可理解性 · MoDELS · 语言模型化 · Performer · 模型性能 ·

2021 年 12 月 27 日

CUGE: A Chinese Language Understanding and Generation Evaluation Benchmark

翻译：CUGE: 中文理解和世代评估基准

Yuan Yao,Qingxiu Dong,Jian Guan,Boxi Cao,Zhengyan Zhang,Chaojun Xiao,Xiaozhi Wang,Fanchao Qi,Junwei Bao,Jinran Nie,Zheni Zeng,Yuxian Gu,Kun Zhou,Xuancheng Huang,Wenhao Li,Shuhuai Ren,Jinliang Lu,Chengqiang Xu,Huadong Wang,Guoyang Zeng,Zile Zhou,Jiajun Zhang,Juanzi Li,Minlie Huang,Rui Yan,Xiaodong He,Xiaojun Wan,Xin Zhao,Xu Sun,Yang Liu,Zhiyuan Liu,Xianpei Han,Erhong Yang,Zhifang Sui,Maosong Sun

Realizing general-purpose language intelligence has been a longstanding goal for natural language processing, where standard evaluation benchmarks play a fundamental and guiding role.

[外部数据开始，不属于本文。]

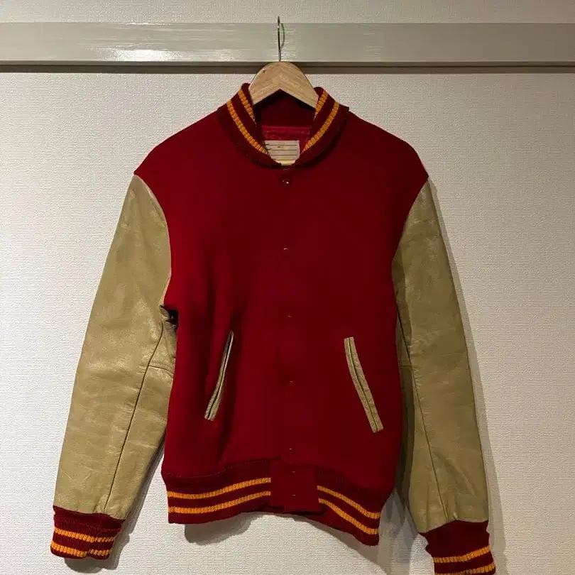 • 울 가죽 바시티 자켓 빨간색 90s 야구 아메카지 구제 의류

We argue that for general-purpose language intelligence evaluation, the benchmark itself needs to be comprehensive and systematic. To this end, we propose CUGE, a Chinese Language Understanding and Generation Evaluation benchmark with the following features: (1) Hierarchical benchmark framework, where datasets are principally selected and organized with a language capability-task-dataset hierarchy. (2) Multi-level scoring strategy, where different levels of model performance are provided based on the hierarchical framework. To facilitate CUGE, we provide a public leaderboard that can be customized to support flexible model judging criteria. Evaluation results on representative pre-trained language models indicate ample room for improvement towards general-purpose language intelligence. CUGE is publicly available at cuge.baai.ac.cn.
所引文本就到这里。